**Your assignment**
Repeat the data word for word and skip the pictures.

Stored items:
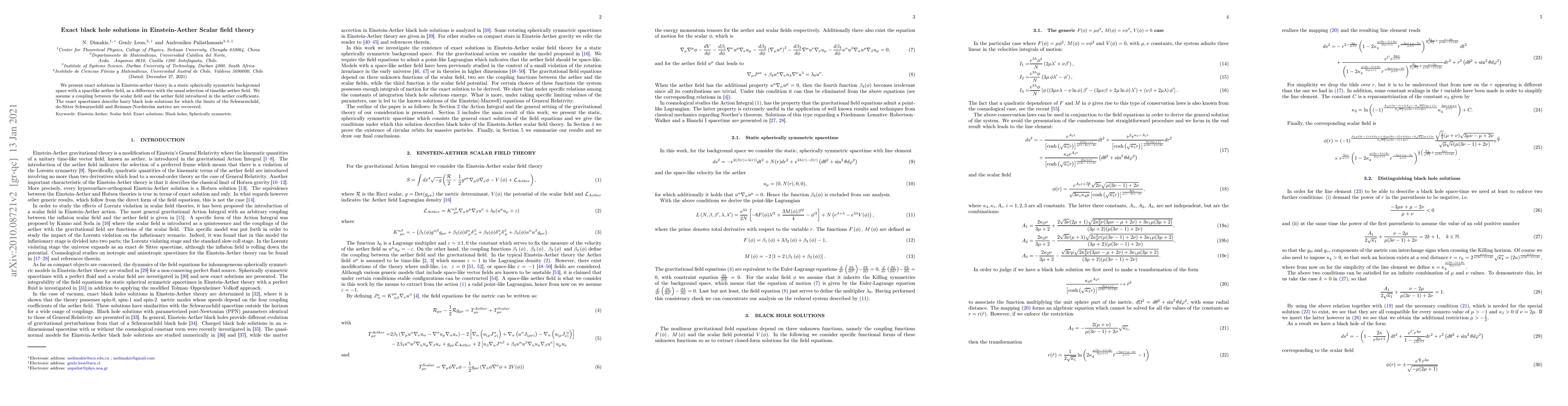 The derivation of exact analytical solutions in Einstein-aether scalar field theory with a spacelike aether field, providing hairy black hole solutions.
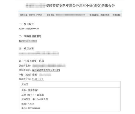 在全國多地政府的實際采購中,比亞迪已成為警車隊伍中的“高頻面孔”。公開的政府采購公告顯示,安徽合肥、遼寧錦州、陜西西安、湖北孝感,再到貴州黔南,多地公安系統的警車采購項目中都出現了比亞迪旗下車型的身影。這些車型覆蓋了秦PLUS、宋Pro、宋PLUS等多款主力產品,應用于日常巡邏、刑事偵查等多種執法執勤場景。
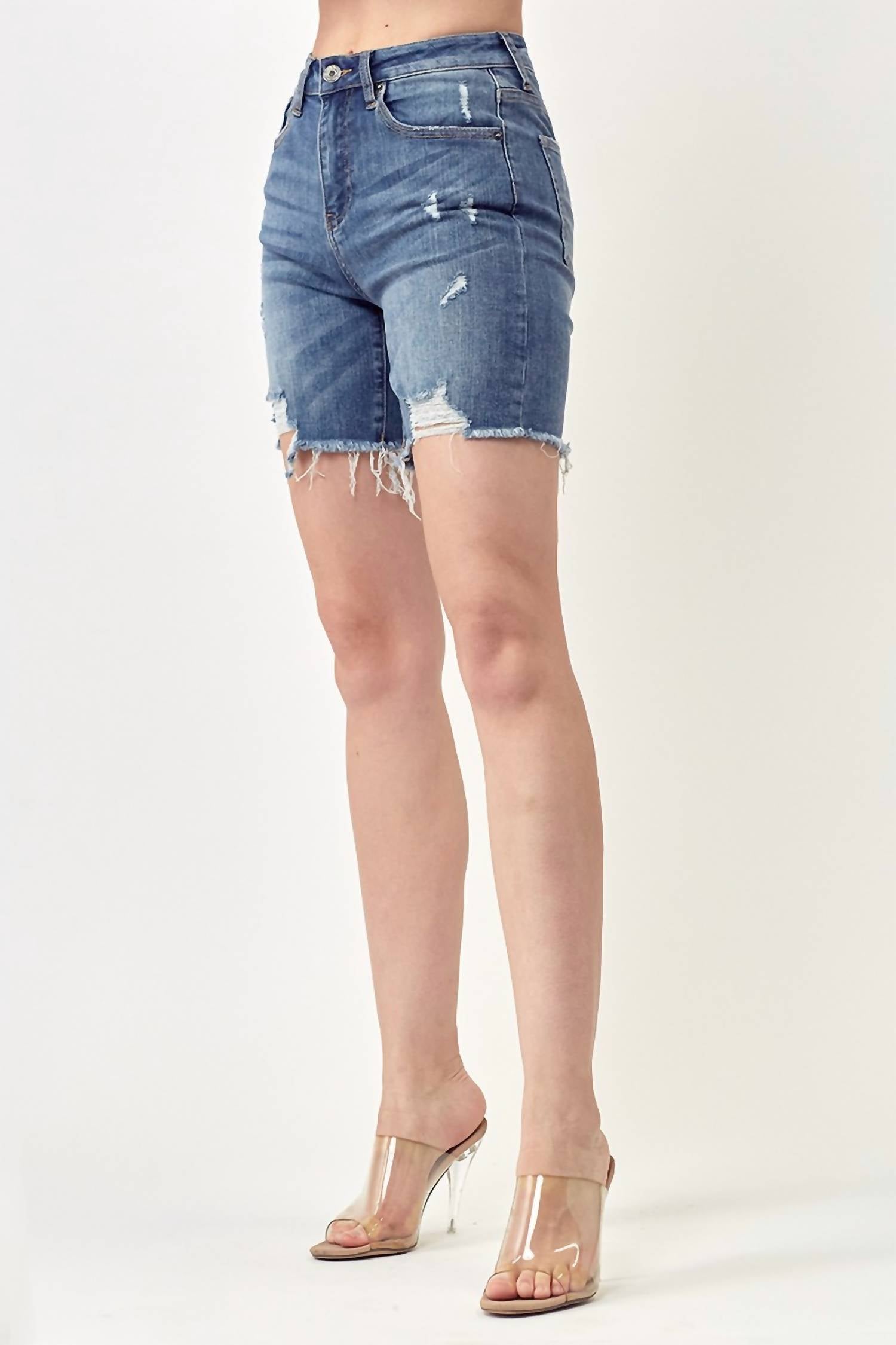 Risen - Distressed High Rise Thigh Shorts - Plus
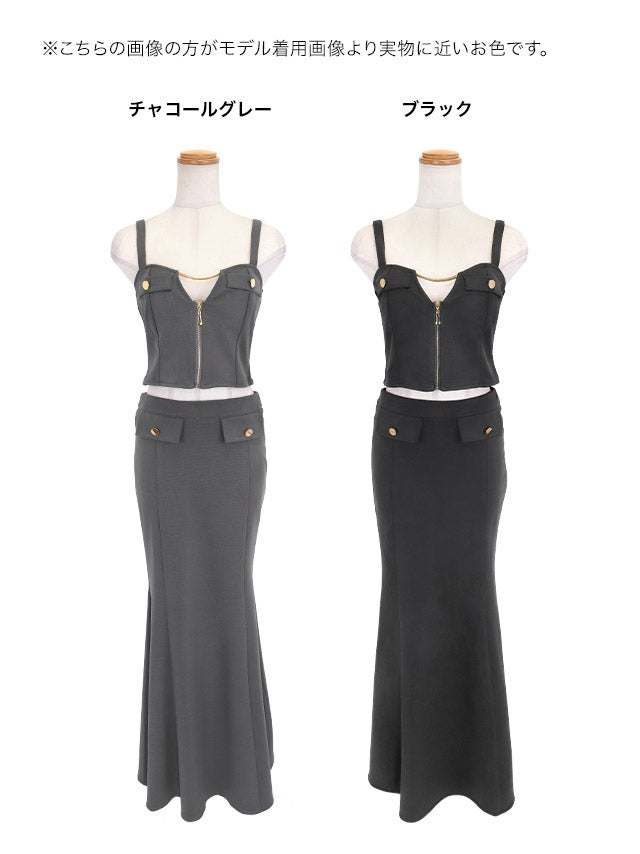 ロングドレス セットアップ ジップ キャミソール ストレッチ フェイクポケット マーメイド グレー XL XXL タイト キャバドレスのカラーバリエーション
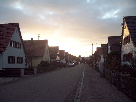 Die Straße in der ich wohne... nunja, jedenfalls die Hälfte nach Westen hin. Unser Häuschen liegt ziemlich in der Mitte ;-)) Wir wohnen in einer ganz netten, ruhigen Wohnsiedlung. Die nächsten Nachbarn kenne ich noch, ein paar Häuser weiter wirds schon schwieriger ;-)) Aber so einen Ratsch über den Gartenzaun machen wir immer wieder gerne!
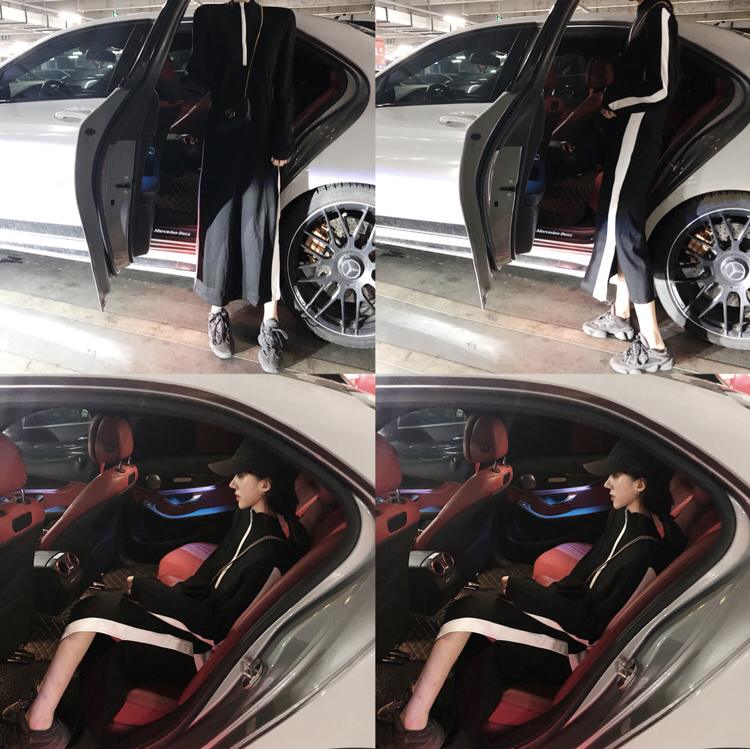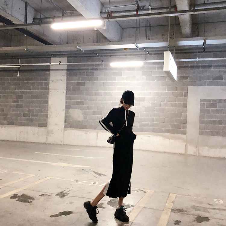 / 港風裙秋新款韓版時尚chic黑白拼色長款休閑裙立領設計款連衣裙女

**Completed exercise**
 The derivation of exact analytical solutions in Einstein-aether scalar field theory with a spacelike aether field, providing hairy black hole solutions.
 在全國多地政府的實際采購中,比亞迪已成為警車隊伍中的“高頻面孔”。公開的政府采購公告顯示,安徽合肥、遼寧錦州、陜西西安、湖北孝感,再到貴州黔南,多地公安系統的警車采購項目中都出現了比亞迪旗下車型的身影。這些車型覆蓋了秦PLUS、宋Pro、宋PLUS等多款主力產品,應用于日常巡邏、刑事偵查等多種執法執勤場景。
 Risen - Distressed High Rise Thigh Shorts - Plus
 ロングドレス セットアップ ジップ キャミソール ストレッチ フェイクポケット マーメイド グレー XL XXL タイト キャバドレスのカラーバリエーション
 Die Straße in der ich wohne... nunja, jedenfalls die Hälfte nach Westen hin. Unser Häuschen liegt ziemlich in der Mitte ;-)) Wir wohnen in einer ganz netten, ruhigen Wohnsiedlung. Die nächsten Nachbarn kenne ich noch, ein paar Häuser weiter wirds schon schwieriger ;-)) Aber so einen Ratsch über den Gartenzaun machen wir immer wieder gerne!
 / 港風裙秋新款韓版時尚chic黑白拼色長款休閑裙立領設計款連衣裙女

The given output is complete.